Judge Edward reportedly accepted much of the argument driving the family’s decision. He claimed that scientific evidence is apparently “completely foreign” to aboriginal people. He seems oblivious to this claim’s insult to the majority of aboriginal people who don’t take their children from hospital beds to Florida-based massage parlours. Or to aboriginal people working in universities and schools as science teachers. Judge Edward also harped on for quite some time about traditional methods of healing, conveniently ignoring that the Florida-based massage parlour isn’t a traditional aboriginal medicine outfit – it’s run by a white man who visited aboriginal communities, peddling his thoroughly Western wares to the gullible.

Here is a quote that is indicative of the judge’s thinking: “Maybe First Nations culture doesn’t require every child to be treated with chemotherapy and to survive for that culture to have value.” Apparently this is also what’s of greater importance to aboriginal leaders in this case. Six Nations Chief Ava Hill and New Credit First Nations Chief Bryan Laforme have been quoted as saying: “This is monumental, it reaffirms our right to be Indian and to practise our medicines in the traditional way.” The child in question clearly has been reduced to being a pawn in a greater political struggle.

To Judge Edward and Chiefs Hill and Laforme, child welfare is not what’s primarily at stake, but the survival of aboriginal society. A nice sentiment so long as you aren’t a vulnerable child desperately needing proven medical care. Surely, the ethically relevant question here is this: Should we, as a society, override parental care decisions for their children in cases where there is overwhelming evidence that they are harming their children irreversibly, or, as in our case, where the children would face high risk of death? Aboriginal communities need to ask themselves this very same question. It may well be that treaty rights entitle aboriginal parents to remove their children from hospitals and deliver them into the hands of quacks, but achieving this truly is a Pyrrhic victory.
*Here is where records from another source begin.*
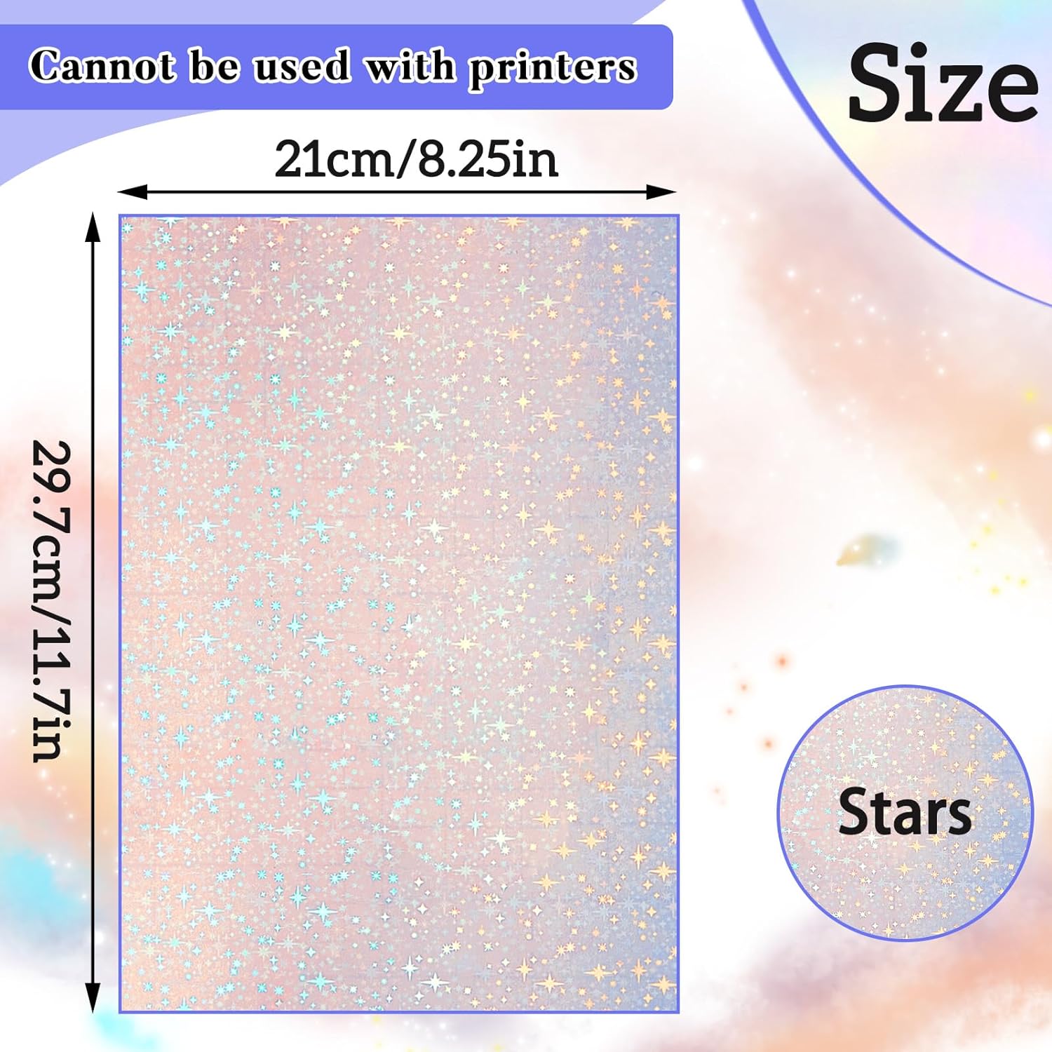- What you receive: the package contains 36 sheets of transparent holographic films; These A4 holographic sticky paper sheets are in A4 size, namely 11.7 x 8.3 x 0.2 inches, enough to meet your different needs; Please note that these films are not printable, do not use them on printers
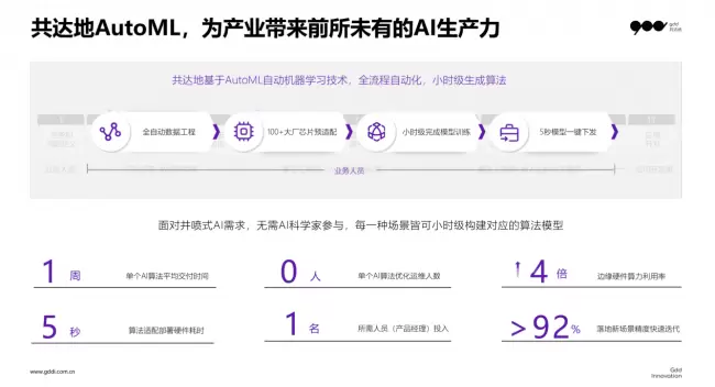 AutoML,即自动化机器学习,被誉为深度学习新一代王者。虽然谷歌早在2017年便率先在产业界提出了这个概念,但长期以来缺乏真正的商业化落地。而共达地在AutoML领域已积累了2年多的商业化落地经验,并推出了GDDi自动化AI训练平台3.0,在智慧城市、智慧园区等多个领域打下了扎实的基本功,属于业内真正的领军者。
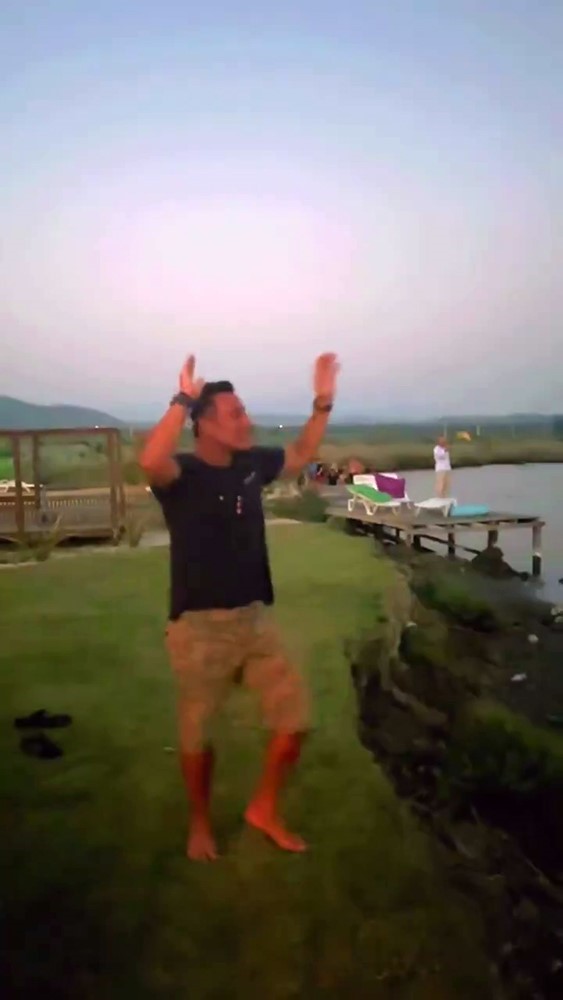 Turistik Akyaka Azmak Kenarı’nda yaşanan olay, bölgeye tatil için gelenlerin de ilgisini çekti. Mustafa Sandal, kıyıda vakit geçirirken teknede bulunan hayranları tarafından fark edildi. Hayranlar, sanatçının sevilen şarkısı Gidenler’i açtı. Sandal da kıyıdan şarkıya eşlik etti. Teknedekilerle karşılıklı söylenen şarkı, eğlenceli ve neşeli anlar oluşturdu.
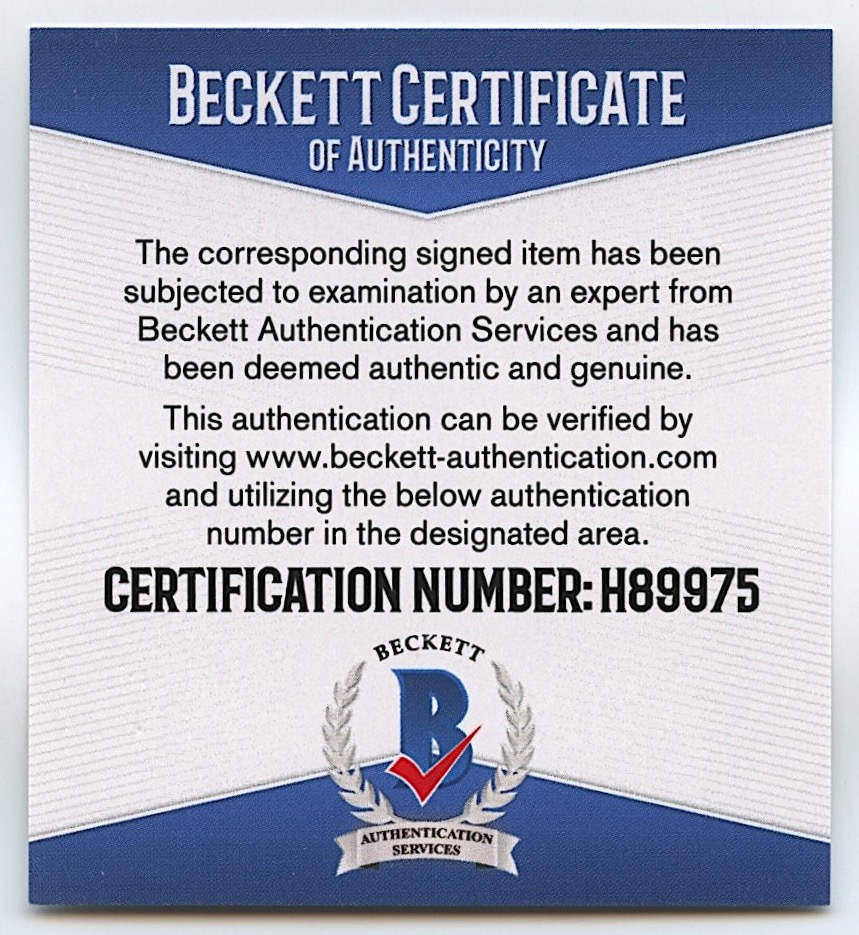 The autograph includes an official Beckett Authentication Services serially numbered hologram and matching COA for authenticity purposes.

Surely the children’s (objective) best (survival) interests trump parental best intentions, parental ignorance, parental fanaticism, parental scepticism with regard to mainstream medicine, etc. Hospitals routinely override parental decisions by Jehovah’s Witnesses who refuse life-preserving blood transfusions for their children. And they are right to do so.

There is no parental right to harm your children. Since when has the life of a child become so cheap that we leave it to misguided parents who wish to do as they see fit, evidence be damned?